Pakistanis deserve better. It is imperative for an elected government to strive to enable people to live lives free from want, fear and indignity. Securing the next International Monetary Fund (IMF) tranche and striving for another longer, larger programme is important.

However, history unequivocally demonstrates that a government’s success hinges on recognising its citizens as the purpose and agents of development. Prime Minister Shahbaz Sharif’s government and his economic team, led by Finance Minister Aurangzeb Khan, need to clarify the vision of the ruling coalition in this regard.

The targets of a five-year economic revival plan — currently in development — encompass reducing poverty, creating jobs and improving revenue generation.
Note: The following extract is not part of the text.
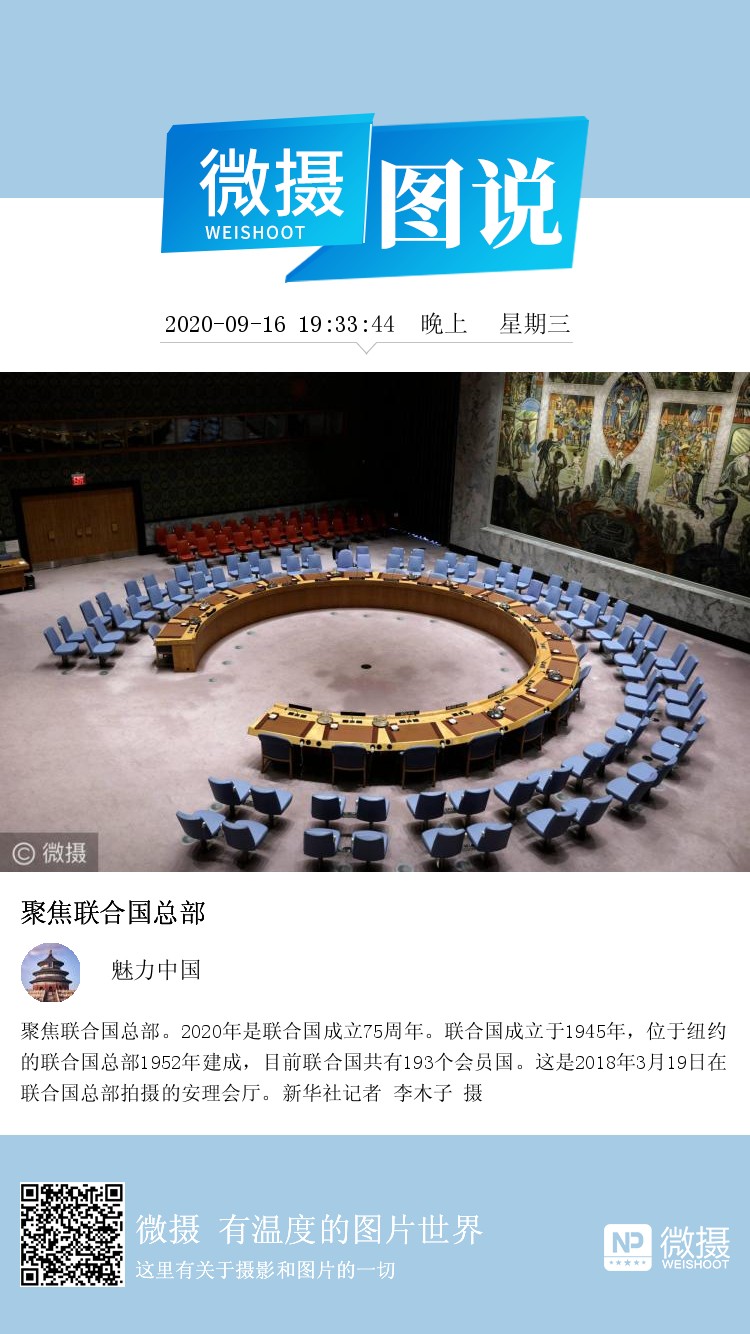 聚焦联合国总部。2020年是联合国成立75周年。联合国成立于1945年,位于纽约的联合国总部1952年建成,目前联合国共有193个会员国。这是2018年3月19日在联合国总部拍摄的安理会厅。新华社记者 李木子 摄

However, the precise strategy for achieving these objectives remains to be seen, particularly for a resource-starved coalition government pursuing stabilisation policies under the close watch of the IMF.

Historically, stabilisation policies have entailed economic hardships, which the people of Pakistan have repeatedly borne with the promise of future gains. Unfortunately, they have not always been able to partake equitably in the benefits of subsequent economic growth spurts. This dynamic partially explains the unpopularity and abrupt exit of past regimes despite the higher average growth rates recorded during their tenures.

The government’s wellbeing depends on prioritising and protecting its people grappling with falling family incomes and rising living costs

During his first week in office, Finance Minister Aurangzeb Khan shared his insights and economic priorities through interviews and media interactions covering various issues. Expressing confidence in the prime minister’s leadership, he pledged to continue the ‘commendable’ work initiated by caretaker finance minister Dr Shamshad Akhtar.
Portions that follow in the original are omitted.